▸ **THE TASK**: Each line in the data must be reproduced as written, except for any picture.

▸ **INFORMATION SHOWN**:
• • •

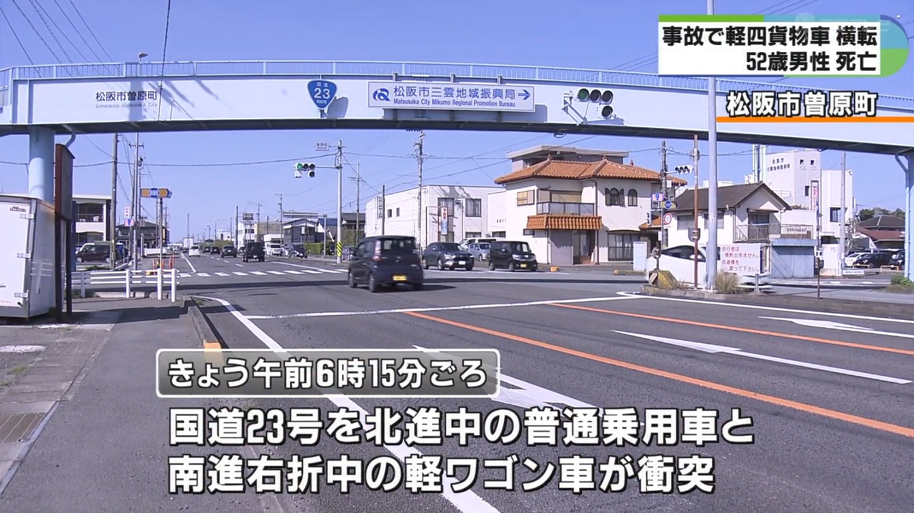 三重県松阪市の国道23号で普通乗用車と軽ワゴン車が衝突する事故があり、軽ワゴン車を運転していた男性が死亡しました。
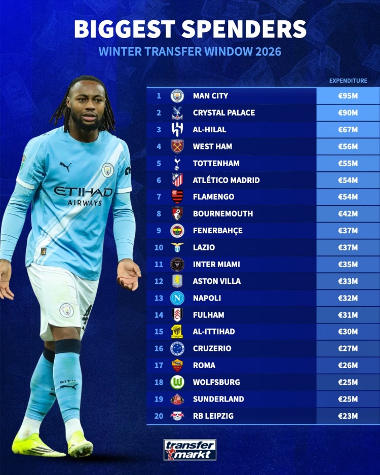 冬窗引援花费排行:曼城9500万欧居首,迈阿密国际3500万欧第11
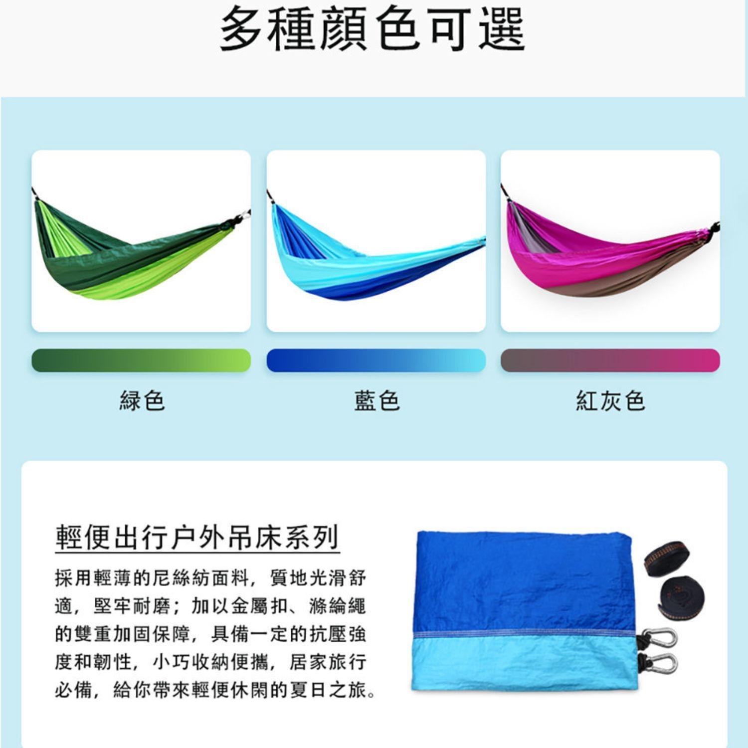 *收納輕便,方便攜帶。纖薄透氣的面料,具有強悍承重,抗撕裂,防側翻設計,連體收納成袋,採用加粗加寬吊牀綁帶,具有保護樹皮不易損傷作用,安全,環保。比市面上一般吊牀更寬更大,多用途性價高,可當吊牀,鞦韆,地墊。是實用,實惠的最佳選擇。

• • •

▸ **TASK OUTPUT**:
 三重県松阪市の国道23号で普通乗用車と軽ワゴン車が衝突する事故があり、軽ワゴン車を運転していた男性が死亡しました。
 冬窗引援花费排行:曼城9500万欧居首,迈阿密国际3500万欧第11
 *收納輕便,方便攜帶。纖薄透氣的面料,具有強悍承重,抗撕裂,防側翻設計,連體收納成袋,採用加粗加寬吊牀綁帶,具有保護樹皮不易損傷作用,安全,環保。比市面上一般吊牀更寬更大,多用途性價高,可當吊牀,鞦韆,地墊。是實用,實惠的最佳選擇。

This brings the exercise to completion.